Afwijzing aanvraag bijzondere bijstand voor duurzame gebruiksgoederen

In deze zaak heeft de Centrale Raad van Beroep op 15 oktober 2019 uitspraak gedaan in hoger beroep tegen de beslissing van de rechtbank Rotterdam van 5 maart 2018. De zaak betreft de afwijzing van een aanvraag om bijzondere bijstand voor de kosten van duurzame gebruiksgoederen, waaronder bedden, kledingkasten, een eethoek en een bankstel. De appellante had deze bijstandsaanvraag ingediend, maar het college van Drechtsteden heeft deze aanvraag afgewezen, stellende dat er geen bijzondere omstandigheden waren die bijstandsverlening rechtvaardigden. De appellante had volgens het college uit haar inkomen op bijstandsniveau moeten reserveren voor de aanschaf van deze goederen.

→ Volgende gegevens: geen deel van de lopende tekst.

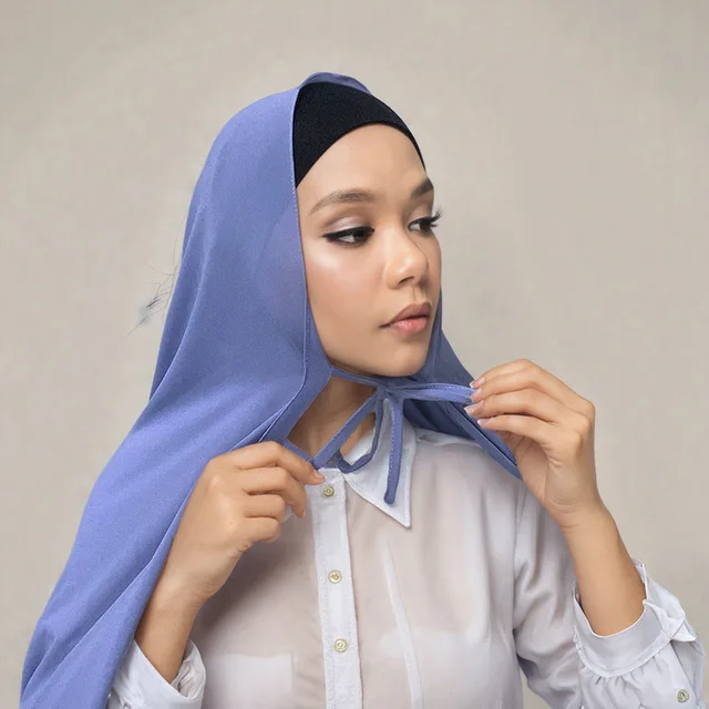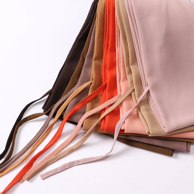 Middle East Women Fashion Lace Hijabs Bonnet Islam Women Solid Color Pre-Tied Turban Hat Long Tail Headscarf

De rechtbank heeft het beroep van de appellante tegen het besluit van het college ongegrond verklaard. In hoger beroep heeft de appellante aangevoerd dat de omstandigheden waaronder zij de goederen heeft aangeschaft, namelijk dat deze snel kapot gingen door vochtproblemen en een muizenplaag, bijzondere omstandigheden vormen die bijstandsverlening rechtvaardigen. Echter, de Centrale Raad van Beroep oordeelt dat de gestelde omstandigheden niet voldoende zijn om te concluderen dat de kosten voor vervanging onvoorzienbaar waren. Het is gebruikelijk dat duurzame gebruiksgoederen na verloop van tijd gerepareerd of vervangen moeten worden.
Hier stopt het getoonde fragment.